An open API service indexing awesome lists of open source software.

https://github.com/databricks/spark-perf

Performance tests for Apache Spark
https://github.com/databricks/spark-perf

Last synced: 5 months ago
JSON representation

Performance tests for Apache Spark

Awesome Lists containing this project

README

          

# Spark Performance Tests

[![Build Status](https://travis-ci.org/databricks/spark-perf.svg?branch=master)](https://travis-ci.org/databricks/spark-perf)

This is a performance testing framework for [Apache Spark](http://spark.apache.org) 1.0+.

## Features

- Suites of performance tests for Spark, PySpark, Spark Streaming, and MLlib.
- Parameterized test configurations:
- Sweeps sets of parameters to test against multiple Spark and test configurations.
- Automatically downloads and builds Spark:
- Maintains a cache of successful builds to enable rapid testing against multiple Spark versions.
- [...]

For questions, bug reports, or feature requests, please [open an issue on GitHub](https://github.com/databricks/spark-perf/issues).

## Coverage

- Spark Core RDD
- list coming soon
- SQL and DataFrames
- coming soon
- Machine Learning
- glm-regression: Generalized Linear Regression Model
- glm-classification: Generalized Linear Classification Model
- naive-bayes: Naive Bayes
- naive-bayes-bernoulli: Bernoulli Naive Bayes
- decision-tree: Decision Tree
- als: Alternating Least Squares
- kmeans: K-Means clustering
- gmm: Gaussian Mixture Model
- svd: Singular Value Decomposition
- pca: Principal Component Analysis
- summary-statistics: Summary Statistics (min, max, ...)
- block-matrix-mult: Matrix Multiplication
- pearson: Pearson's Correlation
- spearman: Spearman's Correlation
- chi-sq-feature/gof/mat: Chi-square Tests
- word2vec: Word2Vec distributed presentation of words
- fp-growth: FP-growth frequent item sets
- python-glm-classification: Generalized Linear Classification Model
- python-glm-regression: Generalized Linear Regression Model
- python-naive-bayes: Naive Bayes
- python-als: Alternating Least Squares
- python-kmeans: K-Means clustering
- python-pearson: Pearson's Correlation
- python-spearman: Spearman's Correlation

## Dependencies

The `spark-perf` scripts require Python 2.7+. If you're using an earlier version of Python, you may need to install the `argparse` library using `easy_install argparse`.

Support for automatically building Spark requires Maven. On `spark-ec2` clusters, this can be installed using the `./bin/spark-ec2/install-maven` script from this project.

## Configuration

To configure `spark-perf`, copy `config/config.py.template` to `config/config.py` and edit that file. See `config.py.template` for detailed configuration instructions. After editing `config.py`, execute `./bin/run` to run performance tests. You can pass the `--config` option to use a custom configuration file.
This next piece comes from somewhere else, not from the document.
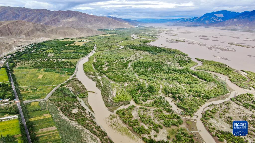 這是雅魯藏布江山南段公路兩旁的綠色長(zhǎng)廊(2021年7月20日攝,無(wú)人機(jī)照片)。新華社記者 晉美多吉 攝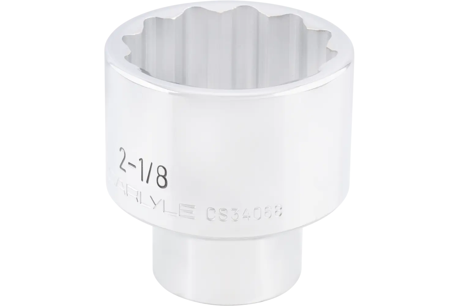 The Carlyle 3/4 in. Drive Standard Depth Chrome Socket is a reliable tool for tackling a wide range of tasks. Forged from chrome vanadium alloy steel, this socket is designed for strength and durability. Its 12-point radius corner design reduces wear and improves grip on fasteners, while the polished chrome finish resists rust and corrosion. Deep-rolled markings make size identification quick and easy. Whether you're a professional or a DIYer, this socket is a dependable addition to your toolbox, ready to handle tough tasks in the shop or garage.

The following sections describe some additional settings to change for certain test environments:

### Running locally

1. Set up local SSH server/keys such that `ssh localhost` works on your machine without a password.
2. Set config.py options that are friendly for local execution:

```
SPARK_HOME_DIR = /path/to/your/spark
SPARK_CLUSTER_URL = "spark://%s:7077" % socket.gethostname()
SCALE_FACTOR = .05
SPARK_DRIVER_MEMORY = 512m
spark.executor.memory = 2g
```
3. Uncomment at least one `SPARK_TESTS` entry.

### Running on an existing Spark cluster
1. SSH into the machine hosting the standalone master
2. Set config.py options:

```
SPARK_HOME_DIR = /path/to/your/spark/install
SPARK_CLUSTER_URL = "spark://:7077"
SCALE_FACTOR =
SPARK_DRIVER_MEMORY =
spark.executor.memory =
```
3. Uncomment at least one `SPARK_TESTS` entry.
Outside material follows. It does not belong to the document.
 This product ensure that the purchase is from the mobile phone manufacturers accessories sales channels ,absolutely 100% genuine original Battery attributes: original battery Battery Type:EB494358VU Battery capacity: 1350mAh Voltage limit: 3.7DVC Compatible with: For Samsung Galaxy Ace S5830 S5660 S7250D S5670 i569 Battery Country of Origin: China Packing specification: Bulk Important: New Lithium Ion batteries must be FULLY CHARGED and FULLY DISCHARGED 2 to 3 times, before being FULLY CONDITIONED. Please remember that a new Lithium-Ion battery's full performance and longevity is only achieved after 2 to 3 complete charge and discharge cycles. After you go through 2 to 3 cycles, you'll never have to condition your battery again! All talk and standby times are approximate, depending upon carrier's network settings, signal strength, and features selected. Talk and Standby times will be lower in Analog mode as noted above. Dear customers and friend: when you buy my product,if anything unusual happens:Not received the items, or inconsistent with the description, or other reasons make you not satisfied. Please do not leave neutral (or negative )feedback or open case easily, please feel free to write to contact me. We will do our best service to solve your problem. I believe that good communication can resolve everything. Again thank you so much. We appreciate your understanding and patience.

### Running on a spark-ec2 cluster with a custom Spark version
1. Launch an EC2 cluster with [Spark's EC2 scripts](https://spark.apache.org/docs/latest/ec2-scripts.html).
2. Set config.py options:

```
USE_CLUSTER_SPARK = False
SPARK_COMMIT_ID =
SCALE_FACTOR =
SPARK_DRIVER_MEMORY =
spark.executor.memory =
```
3. Uncomment at least one `SPARK_TESTS` entry.

## License

This project is licensed under the Apache 2.0 License. See LICENSE for full license text.